Thanks for your tests and review, and the missing documentation update!

Alex


>>> Thanks,
>>>
>>> Alex
>>>
>>>>> Thanks
>>>>>
>>>>>> Before this patch:
>>>>>>
>>>>>> real  2m1.135s
>>>>>> user  0m0.980s
>>>>>> sys   2m0.096s
>>>>>>
>>>>>> 4.83%  batch_tlb  [kernel.kallsyms]            [k] __flush_tlb_range
>>>>>>
>>>>>> After this patch:
>>>>>>
>>>>>> real  1m0.543s
>>>>>> user  0m1.059s
>>>>>> sys   0m59.489s
>>>>>>
>>>>>> 0.14%  batch_tlb  [kernel.kallsyms]            [k] __flush_tlb_range
>>>>>>
>>>>>> Signed-off-by: Alexandre Ghiti <alexghiti@rivosinc.com>
>>>>>> ---
>>>>>>   arch/riscv/Kconfig                |  1 +
>>>>>>   arch/riscv/include/asm/tlbbatch.h | 15 +++++++
>>>>>>   arch/riscv/include/asm/tlbflush.h | 10 +++++
>>>>>>   arch/riscv/mm/tlbflush.c          | 71 ++++++++++++++++++++++---------
>>>>>>   4 files changed, 77 insertions(+), 20 deletions(-)

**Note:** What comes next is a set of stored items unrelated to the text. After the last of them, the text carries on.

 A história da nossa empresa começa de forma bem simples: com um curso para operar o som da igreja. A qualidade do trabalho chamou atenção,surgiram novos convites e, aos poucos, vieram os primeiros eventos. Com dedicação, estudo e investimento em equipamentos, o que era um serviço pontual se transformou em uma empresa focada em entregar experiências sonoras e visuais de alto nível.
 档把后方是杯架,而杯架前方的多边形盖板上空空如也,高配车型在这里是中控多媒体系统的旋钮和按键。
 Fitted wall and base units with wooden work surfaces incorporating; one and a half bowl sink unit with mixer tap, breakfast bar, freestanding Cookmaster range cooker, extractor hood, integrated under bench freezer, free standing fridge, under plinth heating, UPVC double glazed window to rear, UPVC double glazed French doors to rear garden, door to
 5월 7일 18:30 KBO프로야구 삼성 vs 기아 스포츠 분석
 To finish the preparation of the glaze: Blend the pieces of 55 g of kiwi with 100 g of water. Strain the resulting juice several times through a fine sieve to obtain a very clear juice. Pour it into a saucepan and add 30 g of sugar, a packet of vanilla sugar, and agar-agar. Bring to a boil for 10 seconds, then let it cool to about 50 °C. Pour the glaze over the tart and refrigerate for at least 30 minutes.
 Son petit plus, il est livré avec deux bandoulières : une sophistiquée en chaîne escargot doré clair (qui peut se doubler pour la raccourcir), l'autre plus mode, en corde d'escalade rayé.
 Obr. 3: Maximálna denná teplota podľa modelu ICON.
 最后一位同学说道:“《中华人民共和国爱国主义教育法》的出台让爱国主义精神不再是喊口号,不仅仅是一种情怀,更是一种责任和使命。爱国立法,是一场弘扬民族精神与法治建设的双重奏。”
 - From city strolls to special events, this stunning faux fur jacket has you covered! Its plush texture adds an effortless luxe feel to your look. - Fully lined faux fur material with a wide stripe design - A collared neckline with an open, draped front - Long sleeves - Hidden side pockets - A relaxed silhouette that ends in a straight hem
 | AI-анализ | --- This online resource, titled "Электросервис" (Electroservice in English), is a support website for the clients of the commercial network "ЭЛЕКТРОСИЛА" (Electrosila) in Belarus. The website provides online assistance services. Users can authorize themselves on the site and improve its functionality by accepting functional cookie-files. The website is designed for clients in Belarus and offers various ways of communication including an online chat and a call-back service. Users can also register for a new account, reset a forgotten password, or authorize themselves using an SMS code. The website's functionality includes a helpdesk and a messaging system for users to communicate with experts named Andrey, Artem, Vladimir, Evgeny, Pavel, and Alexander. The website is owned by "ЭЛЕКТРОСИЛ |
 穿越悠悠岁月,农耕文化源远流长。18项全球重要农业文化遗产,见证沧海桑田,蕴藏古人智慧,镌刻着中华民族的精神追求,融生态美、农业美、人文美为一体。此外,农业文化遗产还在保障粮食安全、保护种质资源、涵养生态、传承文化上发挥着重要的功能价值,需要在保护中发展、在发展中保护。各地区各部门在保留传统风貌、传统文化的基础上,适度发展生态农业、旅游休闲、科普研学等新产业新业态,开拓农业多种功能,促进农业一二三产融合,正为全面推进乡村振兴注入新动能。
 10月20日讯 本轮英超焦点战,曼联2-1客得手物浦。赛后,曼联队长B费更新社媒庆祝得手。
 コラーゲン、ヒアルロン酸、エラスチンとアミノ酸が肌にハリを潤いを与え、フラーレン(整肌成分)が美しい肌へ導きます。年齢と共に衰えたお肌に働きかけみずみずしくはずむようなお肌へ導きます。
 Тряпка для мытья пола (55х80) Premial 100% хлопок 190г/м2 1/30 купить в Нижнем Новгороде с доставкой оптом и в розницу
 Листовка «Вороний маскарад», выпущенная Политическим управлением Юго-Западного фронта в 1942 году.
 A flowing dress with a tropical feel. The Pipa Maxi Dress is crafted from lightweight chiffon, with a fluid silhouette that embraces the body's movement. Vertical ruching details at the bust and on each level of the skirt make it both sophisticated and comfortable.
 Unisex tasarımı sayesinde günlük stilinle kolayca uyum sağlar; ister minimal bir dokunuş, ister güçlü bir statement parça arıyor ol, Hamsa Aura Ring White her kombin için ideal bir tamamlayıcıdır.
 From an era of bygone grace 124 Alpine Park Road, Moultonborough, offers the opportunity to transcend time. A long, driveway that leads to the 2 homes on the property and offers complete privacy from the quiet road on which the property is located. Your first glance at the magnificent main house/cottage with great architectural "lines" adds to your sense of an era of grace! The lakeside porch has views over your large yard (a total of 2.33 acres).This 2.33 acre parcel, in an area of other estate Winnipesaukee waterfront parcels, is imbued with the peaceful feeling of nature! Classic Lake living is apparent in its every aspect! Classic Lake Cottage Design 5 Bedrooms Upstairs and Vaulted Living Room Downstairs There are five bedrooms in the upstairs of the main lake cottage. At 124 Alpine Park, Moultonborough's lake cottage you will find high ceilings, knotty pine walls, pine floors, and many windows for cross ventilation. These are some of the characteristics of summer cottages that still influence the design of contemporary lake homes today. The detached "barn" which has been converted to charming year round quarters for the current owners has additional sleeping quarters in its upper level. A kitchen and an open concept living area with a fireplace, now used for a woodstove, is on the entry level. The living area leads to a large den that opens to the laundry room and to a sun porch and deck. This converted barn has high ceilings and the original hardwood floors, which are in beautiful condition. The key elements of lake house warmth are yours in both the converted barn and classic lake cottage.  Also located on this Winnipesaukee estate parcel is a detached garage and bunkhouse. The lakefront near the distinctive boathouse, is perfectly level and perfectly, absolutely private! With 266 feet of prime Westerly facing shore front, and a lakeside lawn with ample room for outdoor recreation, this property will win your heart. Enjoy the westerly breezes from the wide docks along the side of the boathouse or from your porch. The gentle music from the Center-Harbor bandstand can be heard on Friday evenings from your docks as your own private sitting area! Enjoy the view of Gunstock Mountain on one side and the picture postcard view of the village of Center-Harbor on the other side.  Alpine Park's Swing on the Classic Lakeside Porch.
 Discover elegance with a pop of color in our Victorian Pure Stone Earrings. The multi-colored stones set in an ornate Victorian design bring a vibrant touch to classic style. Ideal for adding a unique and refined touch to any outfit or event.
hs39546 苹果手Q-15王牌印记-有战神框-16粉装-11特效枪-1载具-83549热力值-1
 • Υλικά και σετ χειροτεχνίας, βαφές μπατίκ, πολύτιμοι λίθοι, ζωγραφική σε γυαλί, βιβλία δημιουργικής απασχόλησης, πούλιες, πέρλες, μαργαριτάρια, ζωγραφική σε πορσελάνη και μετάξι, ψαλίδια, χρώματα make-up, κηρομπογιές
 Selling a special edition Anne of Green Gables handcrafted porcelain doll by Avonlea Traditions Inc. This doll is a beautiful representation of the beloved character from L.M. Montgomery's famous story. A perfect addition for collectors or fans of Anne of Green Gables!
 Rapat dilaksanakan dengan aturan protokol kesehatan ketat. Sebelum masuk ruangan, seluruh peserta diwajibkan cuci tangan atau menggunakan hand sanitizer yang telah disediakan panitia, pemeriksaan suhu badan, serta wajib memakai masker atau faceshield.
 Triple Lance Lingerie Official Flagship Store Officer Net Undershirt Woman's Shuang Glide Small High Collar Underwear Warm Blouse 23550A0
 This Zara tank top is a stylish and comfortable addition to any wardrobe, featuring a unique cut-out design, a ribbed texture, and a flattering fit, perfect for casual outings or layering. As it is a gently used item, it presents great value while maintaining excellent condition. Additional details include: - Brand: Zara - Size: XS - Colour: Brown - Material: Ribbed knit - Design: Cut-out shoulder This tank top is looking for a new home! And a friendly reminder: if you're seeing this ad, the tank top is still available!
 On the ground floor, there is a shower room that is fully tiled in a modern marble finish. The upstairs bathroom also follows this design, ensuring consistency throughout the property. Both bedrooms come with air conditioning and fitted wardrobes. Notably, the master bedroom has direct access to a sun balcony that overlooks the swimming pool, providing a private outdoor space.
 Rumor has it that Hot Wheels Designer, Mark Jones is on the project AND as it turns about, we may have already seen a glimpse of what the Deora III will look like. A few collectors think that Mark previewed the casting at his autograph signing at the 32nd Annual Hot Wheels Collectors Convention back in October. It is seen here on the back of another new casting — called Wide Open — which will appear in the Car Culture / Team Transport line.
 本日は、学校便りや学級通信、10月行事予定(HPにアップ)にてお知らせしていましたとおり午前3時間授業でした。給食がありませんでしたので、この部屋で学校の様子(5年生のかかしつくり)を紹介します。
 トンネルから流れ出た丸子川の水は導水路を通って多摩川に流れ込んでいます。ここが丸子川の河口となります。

>>>>>>   create mode 100644 arch/riscv/include/asm/tlbbatch.h
>>>>>>
>>>>>> diff --git a/arch/riscv/Kconfig b/arch/riscv/Kconfig
>>>>>> index 7603bd8ab333..aa07bd43b138 100644
>>>>>> --- a/arch/riscv/Kconfig
>>>>>> +++ b/arch/riscv/Kconfig
>>>>>> @@ -53,6 +53,7 @@ config RISCV
>>>>>>        select ARCH_USE_MEMTEST
>>>>>>        select ARCH_USE_QUEUED_RWLOCKS
>>>>>>        select ARCH_USES_CFI_TRAPS if CFI_CLANG
>>>>>> +     select ARCH_WANT_BATCHED_UNMAP_TLB_FLUSH if SMP && MMU
>>>>>>        select ARCH_WANT_DEFAULT_TOPDOWN_MMAP_LAYOUT if MMU
>>>>>>        select ARCH_WANT_FRAME_POINTERS
>>>>>>        select ARCH_WANT_GENERAL_HUGETLB if !RISCV_ISA_SVNAPOT
>>>>>> diff --git a/arch/riscv/include/asm/tlbbatch.h b/arch/riscv/include/asm/tlbbatch.h
>>>>>> new file mode 100644
>>>>>> index 000000000000..46014f70b9da
>>>>>> --- /dev/null
>>>>>> +++ b/arch/riscv/include/asm/tlbbatch.h
>>>>>> @@ -0,0 +1,15 @@
>>>>>> +/* SPDX-License-Identifier: GPL-2.0-only */
>>>>>> +/*
>>>>>> + * Copyright (C) 2023 Rivos Inc.
>>>>>> + */
>>>>>> +
>>>>>> +#ifndef _ASM_RISCV_TLBBATCH_H
>>>>>> +#define _ASM_RISCV_TLBBATCH_H
>>>>>> +
>>>>>> +#include <linux/cpumask.h>
>>>>>> +
>>>>>> +struct arch_tlbflush_unmap_batch {
>>>>>> +     struct cpumask cpumask;
>>>>>> +};
>>>>>> +
>>>>>> +#endif /* _ASM_RISCV_TLBBATCH_H */
>>>>>> diff --git a/arch/riscv/include/asm/tlbflush.h b/arch/riscv/include/asm/tlbflush.h
>>>>>> index 8f3418c5f172..f0b731ccc0c2 100644
>>>>>> --- a/arch/riscv/include/asm/tlbflush.h
>>>>>> +++ b/arch/riscv/include/asm/tlbflush.h
>>>>>> @@ -46,6 +46,16 @@ void flush_tlb_kernel_range(unsigned long start, unsigned long end);
>>>>>>   void flush_pmd_tlb_range(struct vm_area_struct *vma, unsigned long start,
>>>>>>                        unsigned long end);
>>>>>>   #endif
>>>>>> +
>>>>>> +#ifdef CONFIG_ARCH_WANT_BATCHED_UNMAP_TLB_FLUSH
>>>>>> +bool arch_tlbbatch_should_defer(struct mm_struct *mm);
>>>>>> +void arch_tlbbatch_add_pending(struct arch_tlbflush_unmap_batch *batch,
>>>>>> +                            struct mm_struct *mm,
>>>>>> +                            unsigned long uaddr);
>>>>>> +void arch_flush_tlb_batched_pending(struct mm_struct *mm);
>>>>>> +void arch_tlbbatch_flush(struct arch_tlbflush_unmap_batch *batch);
>>>>>> +#endif /* CONFIG_ARCH_WANT_BATCHED_UNMAP_TLB_FLUSH */
>>>>>> +
>>>>>>   #else /* CONFIG_SMP && CONFIG_MMU */
>>>>>>
>>>>>>   #define flush_tlb_all() local_flush_tlb_all()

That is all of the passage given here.